Open oyvindln opened 2 years ago
--used_saved_levels
helps notably. Needs some work still for samples with recording cuts (e.g causes issues on crafters after recording cut).
--no_resample
makes <40 sample rate stuff notably faster. Seems to cause at least a minor differences on hsync location on crafters sample so needs checking too.
Concatenate in LDDecodeCache::read takes a notable amount of time so need to see if that function can be improved in some way.
Some things noted in upstream issue https://github.com/happycube/ld-decode/issues/802 (vhs-decode is already using rfft so not all of it applies, needs some fixes on cvbs-decode still)
For the tbc/single thread parts, the level detection code in particular seems to take up a lot of processing time, especially the
filtfilt
andargrelextrema
calls.

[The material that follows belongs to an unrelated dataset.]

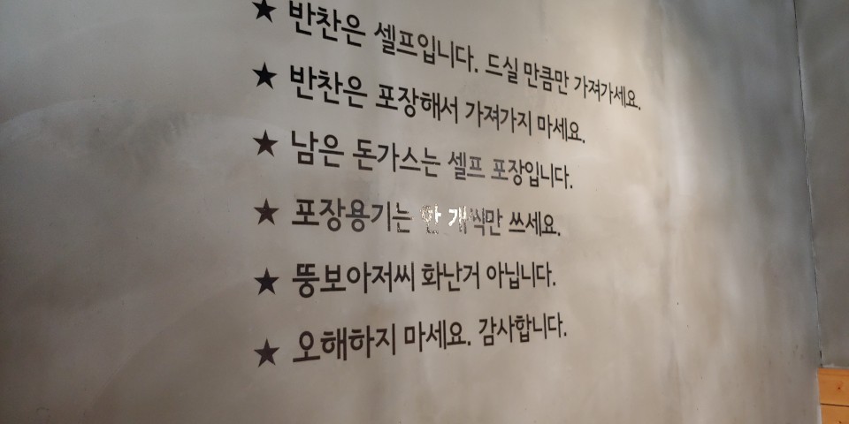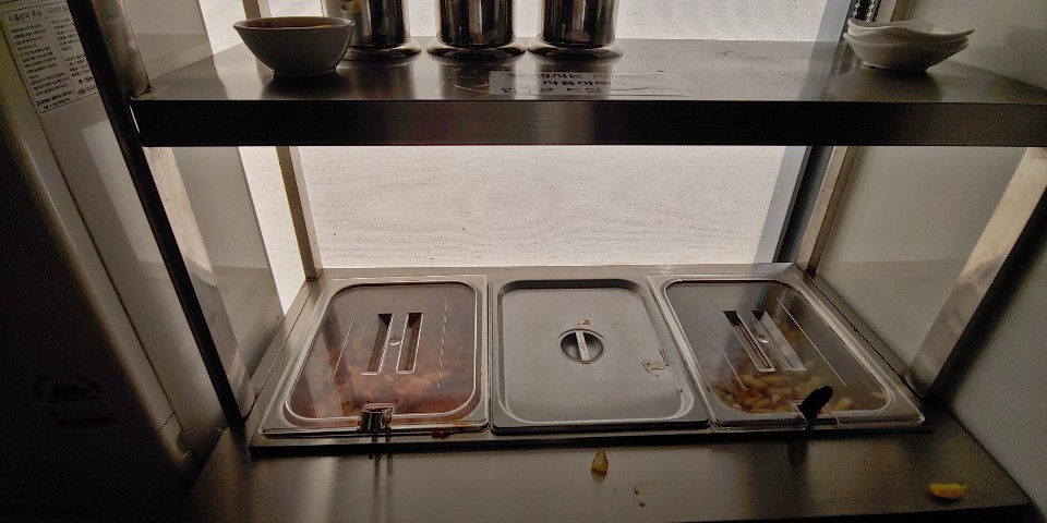 셀프 반찬코너에는 사진상 안 나왔지만 위에 포장용기가 가득합니다. 돈가스가 엄청 커서 대부분 다 못 드시고 남겨가시더라고요. 저희는 먹대장이기 때문에 코웃음 한번 날려주고 애피타이저로 반찬 한 그릇 뚝딱.

Maybe it could be possible to combine some of the filters and to e.g only look near the expected vsync area if the previous field was good? Are there some ways we could do the filtering that is currently done both backwards and forwards and combining each half of the outputs in one with the filter padding options or similar?The sharpness EQ and chroma trap functions also slow down things a bit when enabled, haven't looked much into those as of now.

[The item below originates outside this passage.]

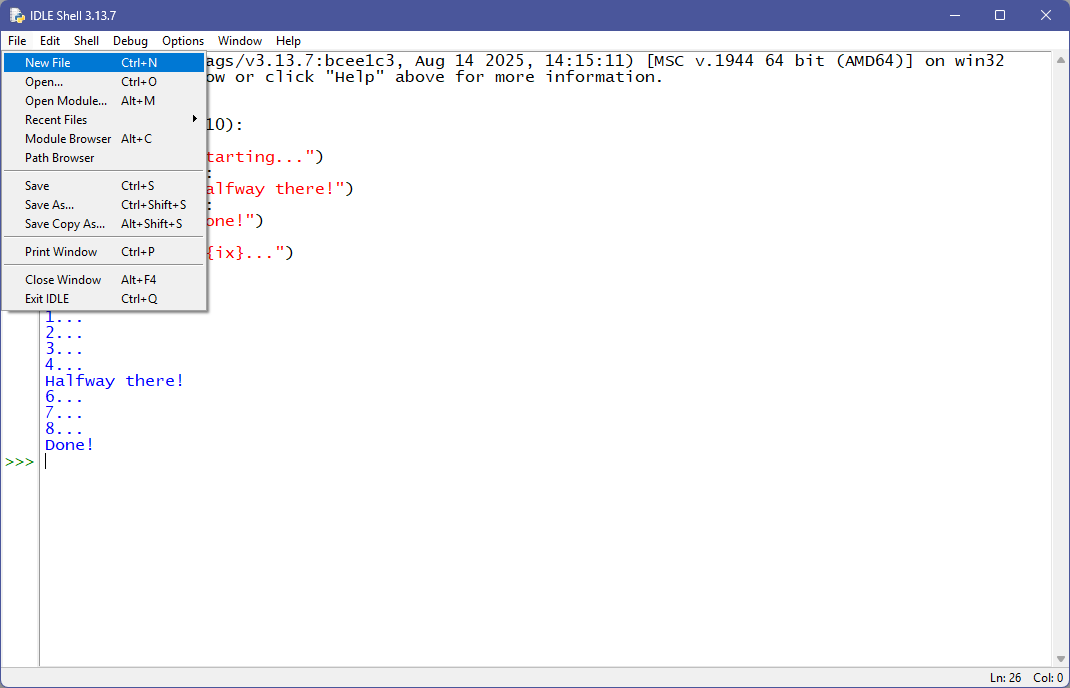 Open the IDLE File menu:

in demodblock there are some filters like the chroma ones that I don't know if would be more efficient to do in frequency domain since we already have a fft in some cases or not, provided it won't cause phase issues and we can make them work the same way as with using filtfilt (or alternatively look into FIR filters as they shouldn't be any slower when in the freq domain). Also need to see if we can use single precision for the chroma signal without causing issues and if that has any speed benefit.
Otherwise, there are probably areas that could benefit a bit from cython optimization to varying degrees.